He became aware of the rhythmic thumping of hooves on the ground outside, then through Etáin’s window he saw a bobbing flambeau and an indistinct fig
ure approach the porch. He rose with the lamp and strode back down the breezeway to the front door, and opened it just as John Proudlocks was dismounting. His friend came up the steps. “Jack,” said the Indian, “there’s been an incident in Williamsburg! Last night! Or early this morning! The Governor has stolen the colony’s powder from the Powder Horn!”
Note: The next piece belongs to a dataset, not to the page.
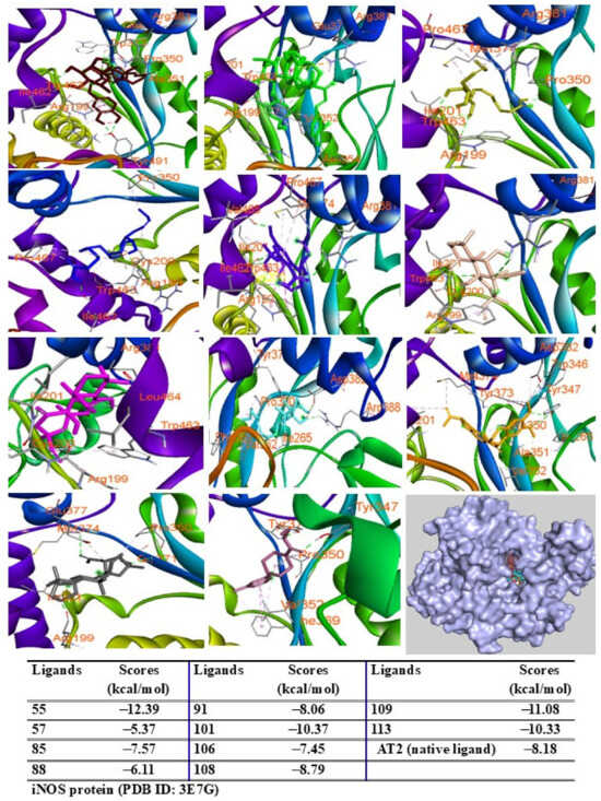 Interactions of compounds 55 (Raspberry), 57 (Green), 85 (Limon), 88 (Blue), 91 (Purple blue), 101 (Wheat), 106 (Magenta), 108 (Cyan), 109 (Orange), and 113 (Gray) with amino acids when they were docked into iNOS protein (PDB ID 5IKQ).

The “Powder Horn” was the local nickname for the public Magazine. “Stolen it?”
“By some marines from one of the warships. At least, they were redcoats.”
“But wasn’t the Magazine being guarded by the Williamsburg volunteers?”
“It was, until early this morning. The whole town’s riled up.”
“Did you just ride from Williamsburg?”
“No. My cooper went to town yesterday to have a wagon wheel repaired, and stayed overnight at a tavern and planned to come back later today. He heard a commotion, and then someone beating a drum alert. He woke up, went out, and learned as much as I’ve told you. He hitched up the wagon and returned just fifteen minutes ago.” Proudlocks paused. “He heard talk of storming the Palace and arresting the Governor!”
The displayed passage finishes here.